___ Supplied material
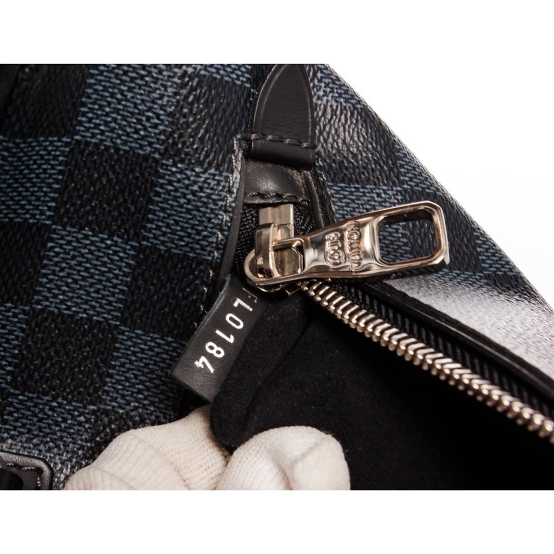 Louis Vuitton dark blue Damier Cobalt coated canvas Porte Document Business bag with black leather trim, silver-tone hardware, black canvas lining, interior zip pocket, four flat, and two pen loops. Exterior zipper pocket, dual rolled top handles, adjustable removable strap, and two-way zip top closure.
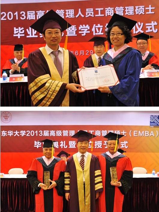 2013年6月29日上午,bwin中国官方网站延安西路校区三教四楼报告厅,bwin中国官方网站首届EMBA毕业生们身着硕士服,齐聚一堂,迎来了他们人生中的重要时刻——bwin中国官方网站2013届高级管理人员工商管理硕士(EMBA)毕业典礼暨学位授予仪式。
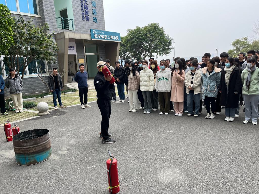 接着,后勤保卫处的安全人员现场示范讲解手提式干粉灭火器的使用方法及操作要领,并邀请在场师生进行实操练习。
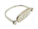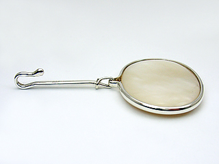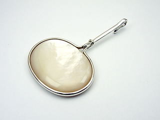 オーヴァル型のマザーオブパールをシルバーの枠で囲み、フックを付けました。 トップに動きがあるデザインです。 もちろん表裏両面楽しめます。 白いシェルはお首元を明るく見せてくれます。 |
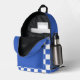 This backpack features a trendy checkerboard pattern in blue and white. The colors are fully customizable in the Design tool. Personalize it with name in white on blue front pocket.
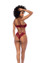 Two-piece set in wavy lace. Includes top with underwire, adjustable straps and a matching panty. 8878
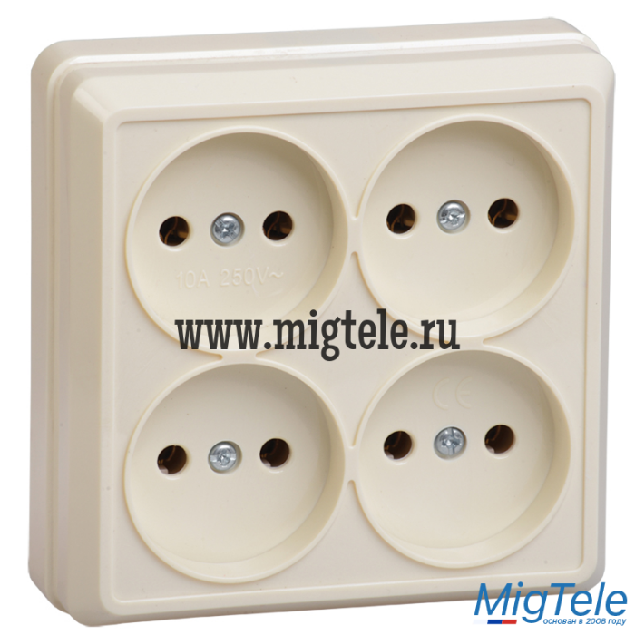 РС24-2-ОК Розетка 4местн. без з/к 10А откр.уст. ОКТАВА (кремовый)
______
Give the data above again, exactly, with every picture removed.

◆ Answer below:
 Louis Vuitton dark blue Damier Cobalt coated canvas Porte Document Business bag with black leather trim, silver-tone hardware, black canvas lining, interior zip pocket, four flat, and two pen loops. Exterior zipper pocket, dual rolled top handles, adjustable removable strap, and two-way zip top closure.
 2013年6月29日上午,bwin中国官方网站延安西路校区三教四楼报告厅,bwin中国官方网站首届EMBA毕业生们身着硕士服,齐聚一堂,迎来了他们人生中的重要时刻——bwin中国官方网站2013届高级管理人员工商管理硕士(EMBA)毕业典礼暨学位授予仪式。
 接着,后勤保卫处的安全人员现场示范讲解手提式干粉灭火器的使用方法及操作要领,并邀请在场师生进行实操练习。
 オーヴァル型のマザーオブパールをシルバーの枠で囲み、フックを付けました。 トップに動きがあるデザインです。 もちろん表裏両面楽しめます。 白いシェルはお首元を明るく見せてくれます。 |
 This backpack features a trendy checkerboard pattern in blue and white. The colors are fully customizable in the Design tool. Personalize it with name in white on blue front pocket.
 Two-piece set in wavy lace. Includes top with underwire, adjustable straps and a matching panty. 8878
 РС24-2-ОК Розетка 4местн. без з/к 10А откр.уст. ОКТАВА (кремовый)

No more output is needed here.